=== Data under study ===

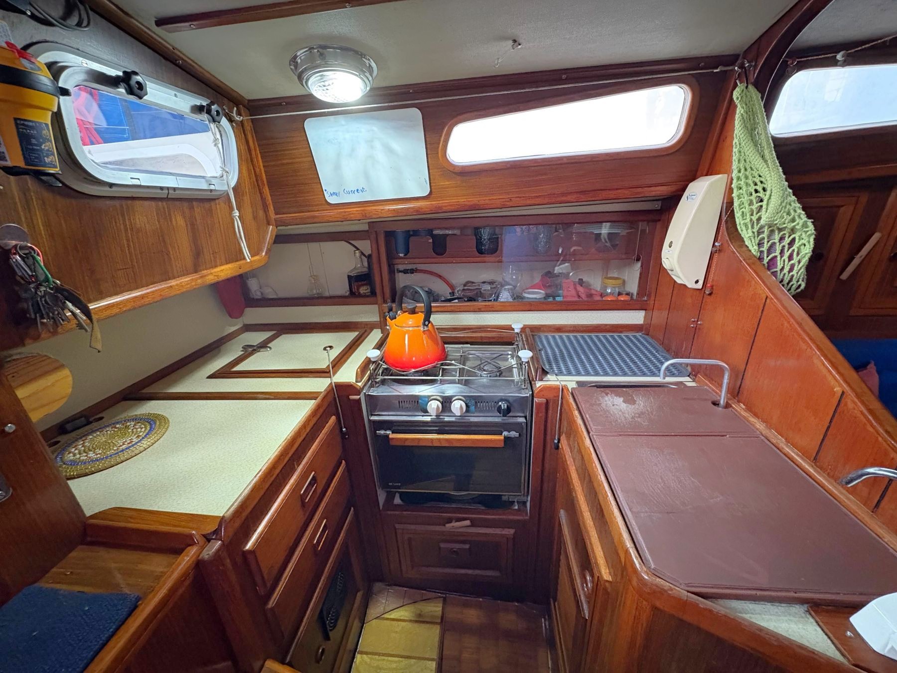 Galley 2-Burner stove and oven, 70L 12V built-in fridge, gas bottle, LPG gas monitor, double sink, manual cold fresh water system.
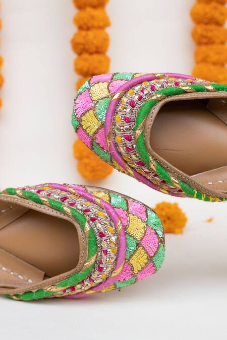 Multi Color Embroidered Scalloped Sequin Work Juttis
--
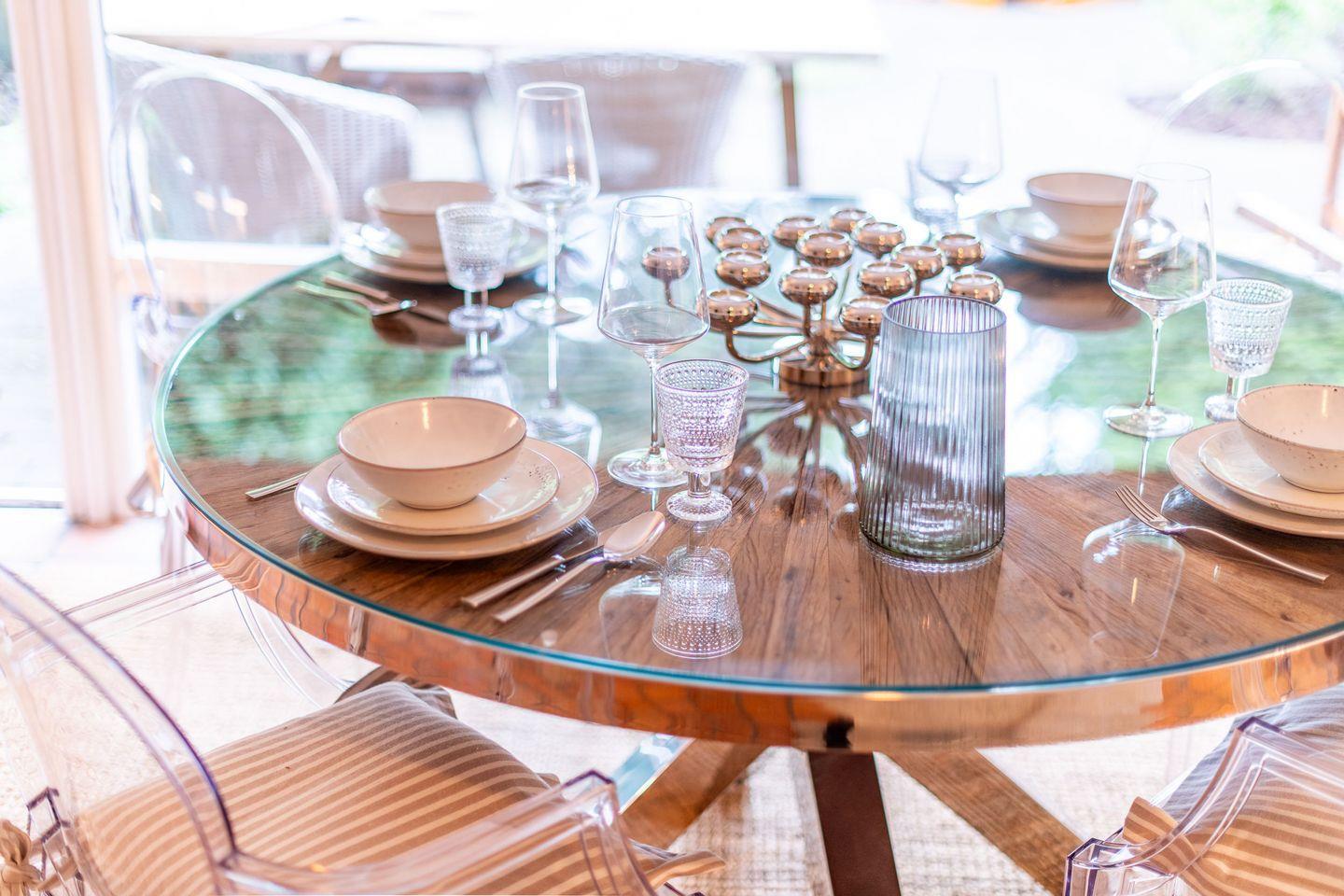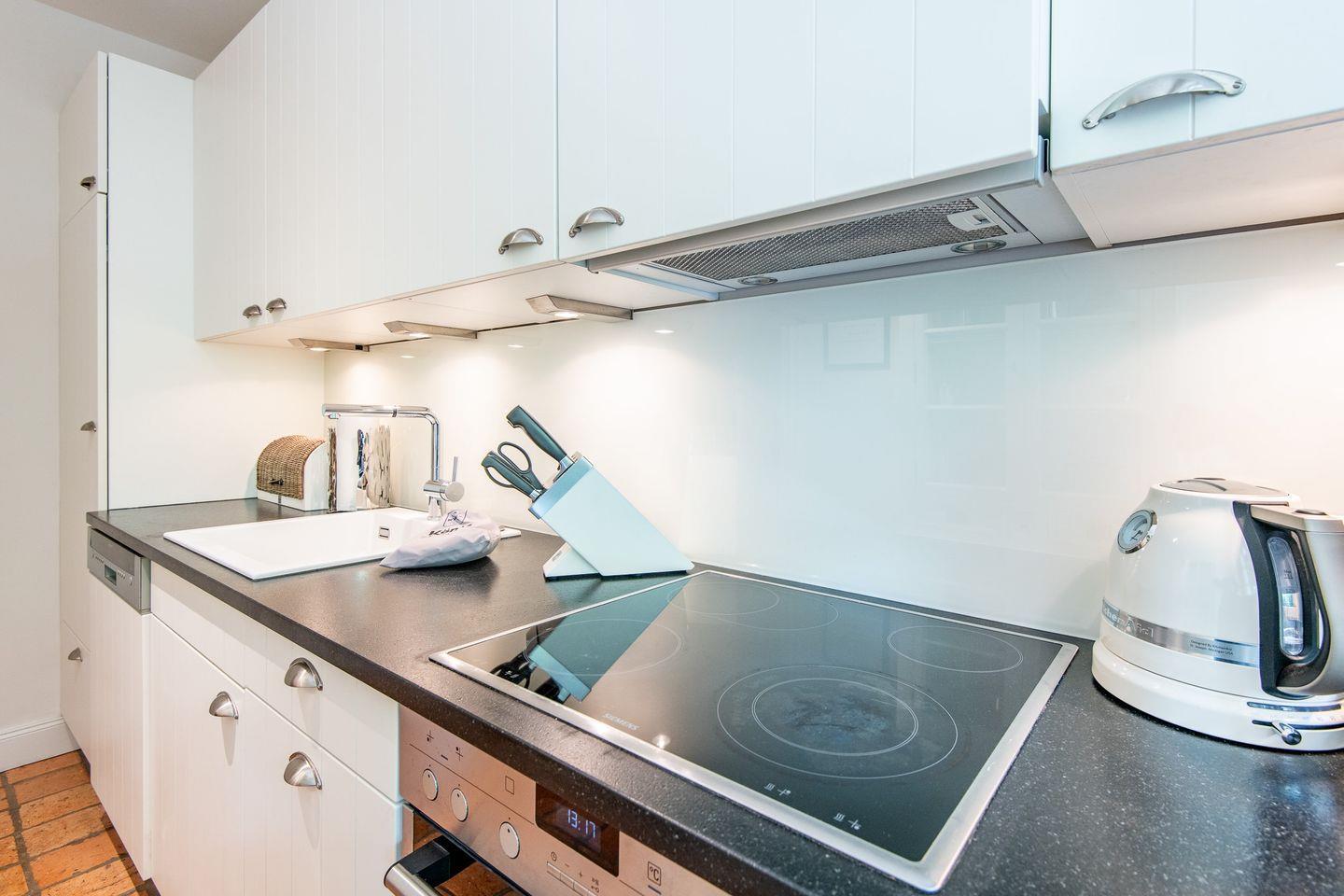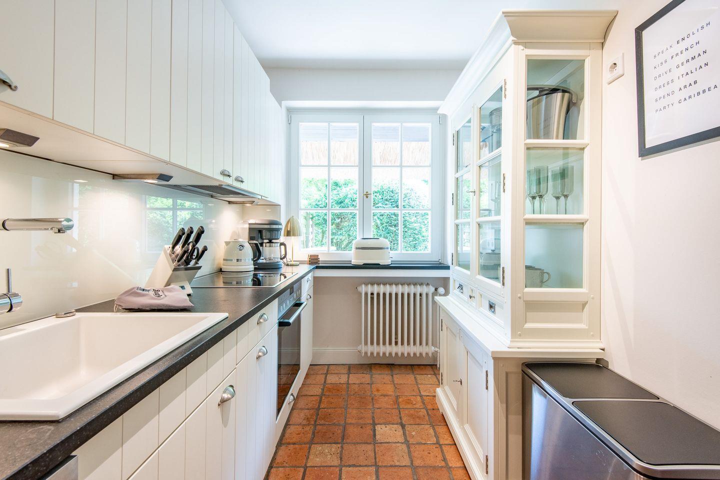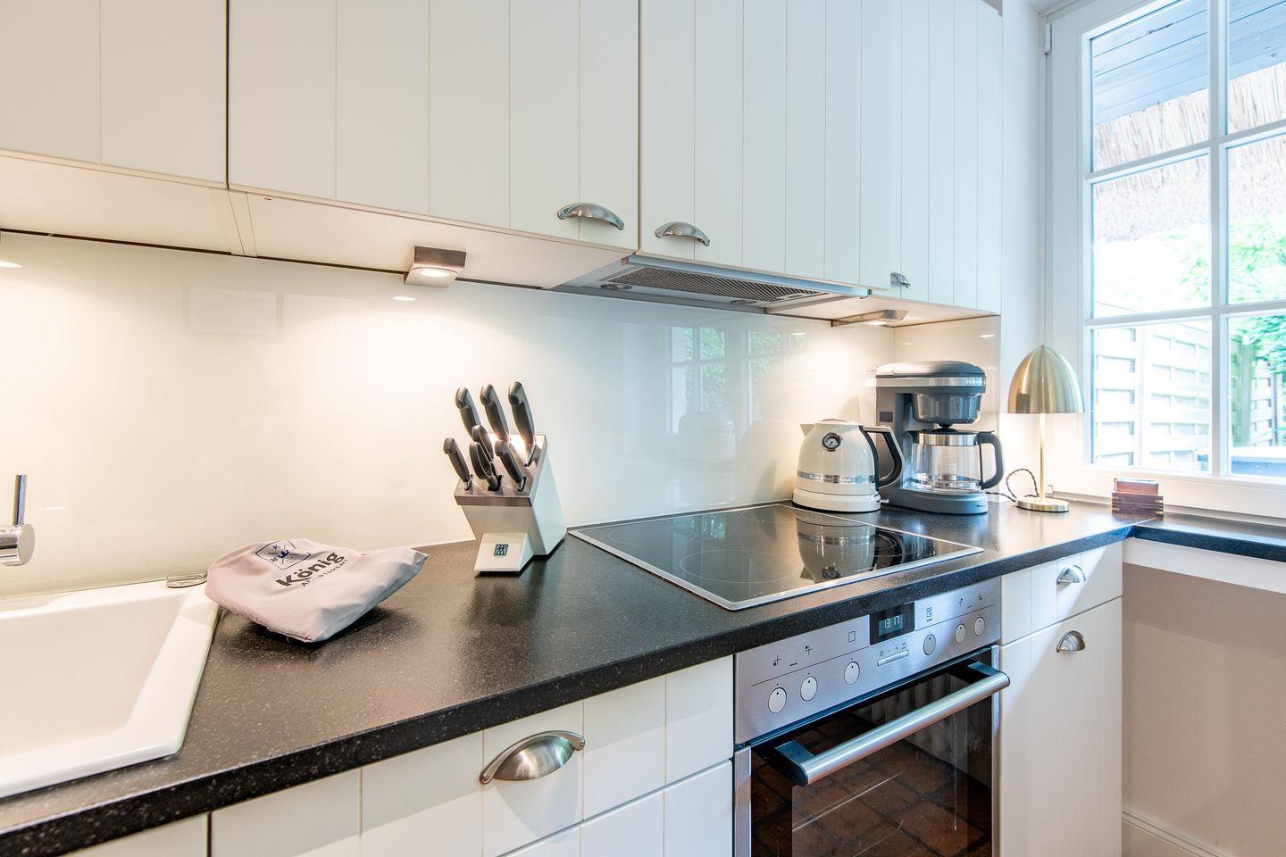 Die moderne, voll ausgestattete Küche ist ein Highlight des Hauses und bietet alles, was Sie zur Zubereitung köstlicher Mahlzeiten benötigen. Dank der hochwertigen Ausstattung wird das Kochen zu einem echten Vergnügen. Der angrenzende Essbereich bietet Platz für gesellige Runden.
--
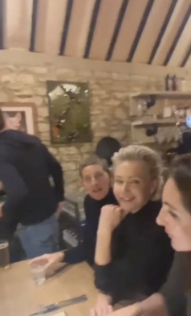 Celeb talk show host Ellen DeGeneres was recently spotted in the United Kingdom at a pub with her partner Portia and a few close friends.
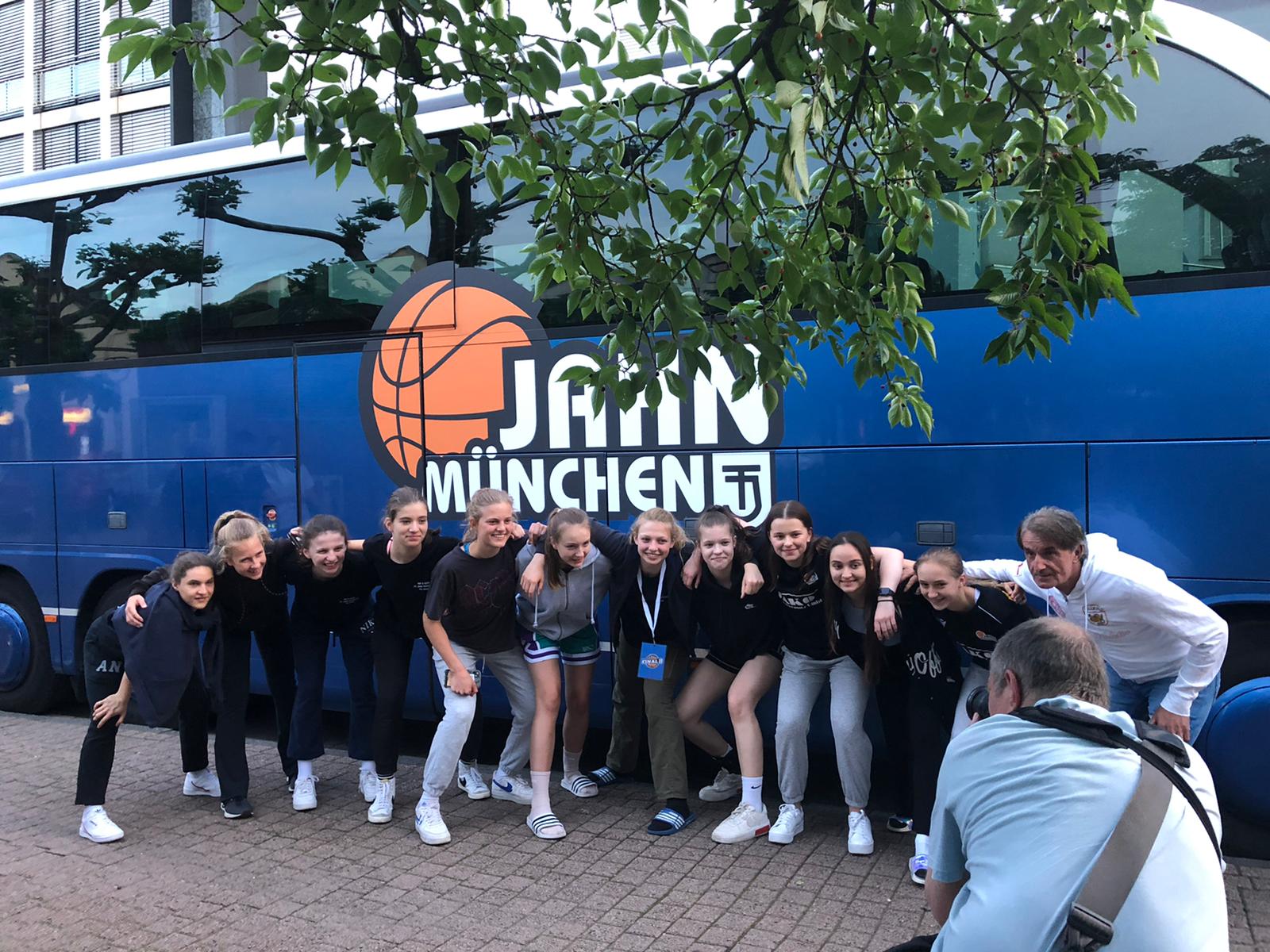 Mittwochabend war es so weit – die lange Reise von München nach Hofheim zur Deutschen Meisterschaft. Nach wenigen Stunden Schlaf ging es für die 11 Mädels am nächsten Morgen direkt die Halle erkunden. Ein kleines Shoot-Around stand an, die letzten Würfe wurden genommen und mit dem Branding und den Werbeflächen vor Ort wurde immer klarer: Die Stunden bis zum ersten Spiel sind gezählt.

=== Task to complete ===
Go to the line above holding "Galley 2-Burner stove", then copy exactly each line down to and including the one holding "Multi Color Embroidered", leaving pictures out.

=== Exercise answer ===
 Galley 2-Burner stove and oven, 70L 12V built-in fridge, gas bottle, LPG gas monitor, double sink, manual cold fresh water system.
 Multi Color Embroidered Scalloped Sequin Work Juttis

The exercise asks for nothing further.